I don’t think this captures the perverseness and destructiveness of people who try to get fancy for no reason, nor do I think JWZ was a “duct tape programmer” -he was an engineer, and that’s why his products actually shipped.

I say this as an aficionado of a couple of fancy and specialized languages I use on a regular basis. I know that it is possible to increase programmer productivity through language choice, and often times, runtime performance really doesn’t suffer. Languages like OCaML, APL and Lisp have demonstrated that small teams can deliver complex high performance software that works reliably. Delphi and Labview are other examples of high productivity languages; the former for its amazing IDE, and the latter for representing state machines as flow charts and providing useful modules for hardware. The problem is that large teams probably can’t deliver complex high performance software that works reliably using these tools. One also must pay a high price up front in learning to deal with them at all, depending on where you come from (not so much with Labview). From a hiring manager or engineer’s perspective, the choice to develop in a weird high productivity language is fraught. What happens if the thing crashes at 4 in the morning? Do you have enough spare people someone can be raised on the telephone to fix it? What if it’s something up the dependency tree written by an eccentric who is usually mountaineering in the Alps? For mission critical production code, the human machine that keeps it running can’t be ignored. If your mentat gets hit by a bus or joins the circus as a unicycle juggler and the code breaks in production you’re in deep sheeyit. The idea that it won’t ever break because muh technology is retarded and the towers of jelly that are modern OS/language/framework stacks are almost without exception going to break when you update things.

 

The “don’t get fancy” maxim applies in spades to something like data science. There are abundant reasons to just use Naive Bayes in production code for something like sentiment analysis. They’re easy to debug and they have a trivial semi-supervised mode using the EM algorithm if you’re short of data. For unsupervised clustering or decomposition it’s hard to beat geometric approaches like single-linkage/dbscan or PCA. For regression or classification models, linear regression is pretty good, or gradient boost/random forest/KNN. Most of the time, your real problem is shitty data, so using the most accurate  tool is completely useless.

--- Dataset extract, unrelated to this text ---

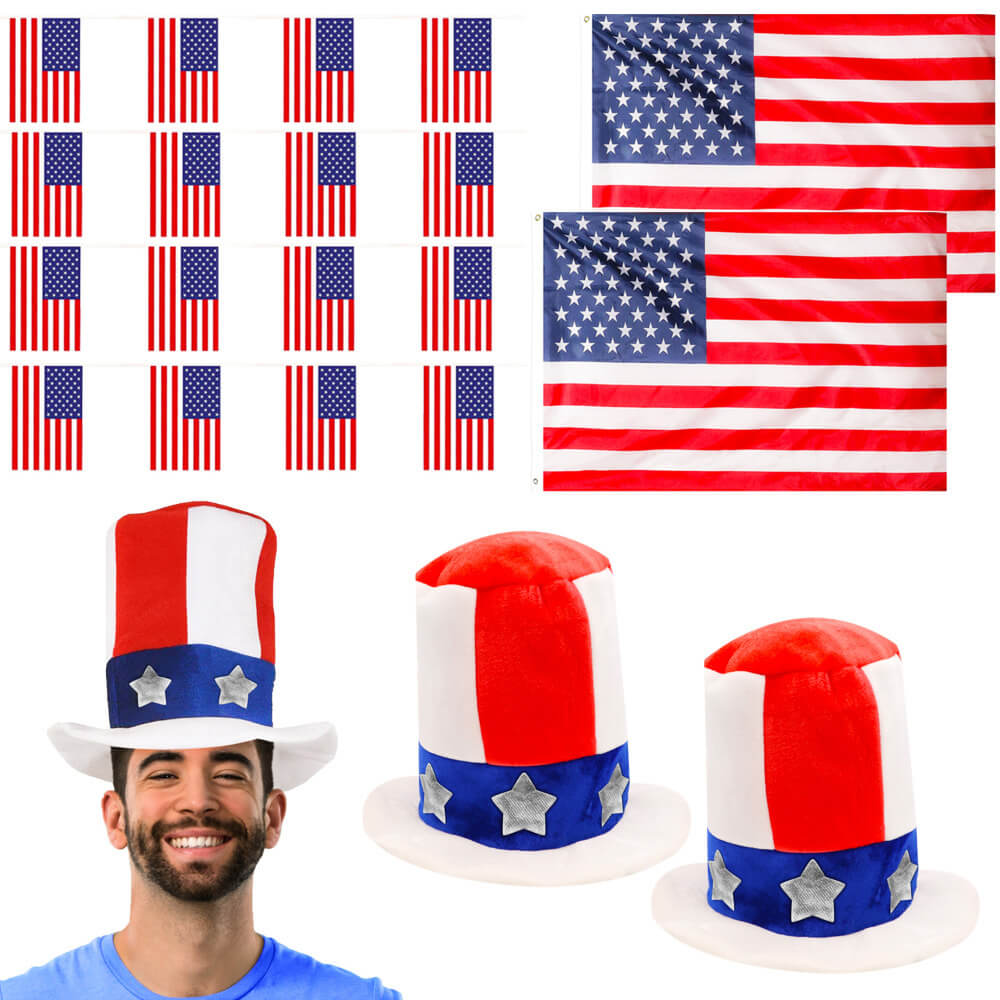 - Includes: 2x Packs Of USA Bunting, 2x USA 5ft X 3ft Flags & 2x Uncle Sam Top Hats

Using the latest tool is even worse. 99 times out of 100, the latest woo in machine learning is not an actual improvement over existing techniques. 100% of the time it is touted as a great revolution because it beat some other technique … on a carefully curated data set. Such results are trumpeted by the researcher because …. WTF else do you expect them to do? They just spent a year or two developing a new technique; the professor is trying to get tenure or be a big kahuna, and the student is trying to get a job by being expert in the new technique. What are they going to tell you? That their new technique was kind of dumb and worthless?

I’ve fallen for this a number of times now; I will admit my sins. I fooled around a bit with t-SNE while I was at Ayasdi, and I could never get it to do anything sane. I just assumed I was a moron who couldn’t use this advanced piece of technology. No, actually, t-SNE is kind of bullshit; a glorified random number generator that once in a while randomly finds an interesting embedding. SAX looked cool because it embodied some ideas I had been fooling around with for almost a decade, but even the author admits it is horse shit. At this point when some new thing comes along, especially if people are talking about it in weeb-land forums, I pretty much ignore it, unless it is being touted to me by a person who has actually used it on a substantive problem with unambiguously excellent results. Matrix profiles looks like one of these; SAX dude dreamed it up, and like SAX, it appears to be an arbitrary collection of vaguely common sense things to do that’s pretty equivalent to any number of similar techniques dating back over the last 40 years.

There are innovations in data science tools. But most of them since boosting are pretty marginal in their returns, or only apply to corner cases you’re unlikely to encounter.  Some make it easier to see what’s going on, some find problems with statistical estimators, but mostly you’re going to get better payoff by getting better at the basics. Everyone is so in love with woo, the guy who can actually do a solid estimate of mean differences is going to provide a lot more value than the guy who knows about the latest PR release from UC Riverside.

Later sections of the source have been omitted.